Work to complete: The answer is to be an exact copy of the lines below running from the line with "Спальный гарнитур из" down to the line with "Répliques de feuilles", both ends included, and nothing more.

Records shown:

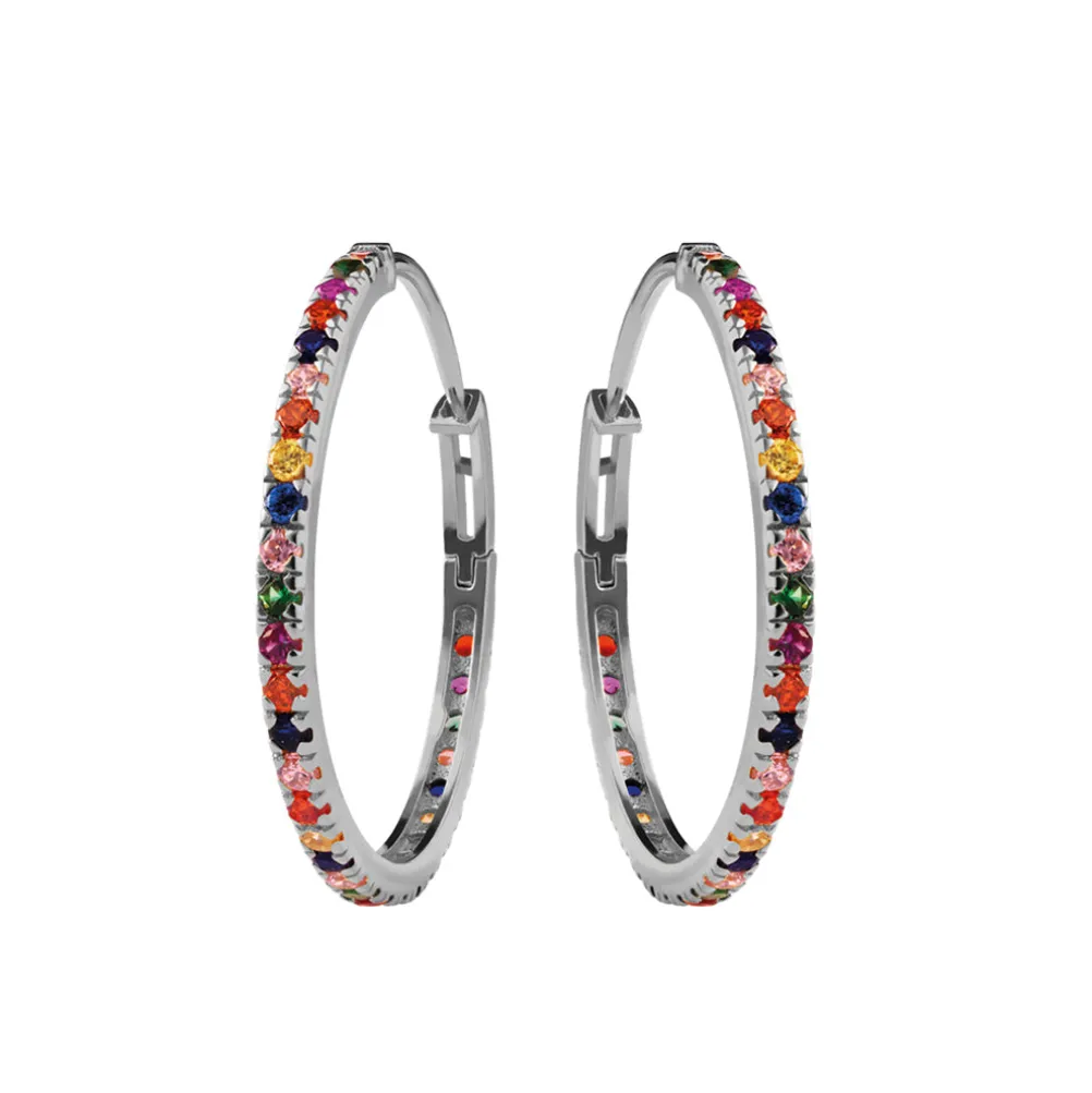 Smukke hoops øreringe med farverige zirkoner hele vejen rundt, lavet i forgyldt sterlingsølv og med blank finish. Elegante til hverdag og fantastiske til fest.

...

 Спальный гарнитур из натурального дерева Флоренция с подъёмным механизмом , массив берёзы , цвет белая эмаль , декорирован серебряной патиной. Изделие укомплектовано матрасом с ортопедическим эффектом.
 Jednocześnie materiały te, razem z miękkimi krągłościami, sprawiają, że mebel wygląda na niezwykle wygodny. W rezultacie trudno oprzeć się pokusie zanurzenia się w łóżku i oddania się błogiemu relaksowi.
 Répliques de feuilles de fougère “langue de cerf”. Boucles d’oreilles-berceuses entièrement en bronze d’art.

Solution below:
 Спальный гарнитур из натурального дерева Флоренция с подъёмным механизмом , массив берёзы , цвет белая эмаль , декорирован серебряной патиной. Изделие укомплектовано матрасом с ортопедическим эффектом.
 Jednocześnie materiały te, razem z miękkimi krągłościami, sprawiają, że mebel wygląda na niezwykle wygodny. W rezultacie trudno oprzeć się pokusie zanurzenia się w łóżku i oddania się błogiemu relaksowi.
 Répliques de feuilles de fougère “langue de cerf”. Boucles d’oreilles-berceuses entièrement en bronze d’art.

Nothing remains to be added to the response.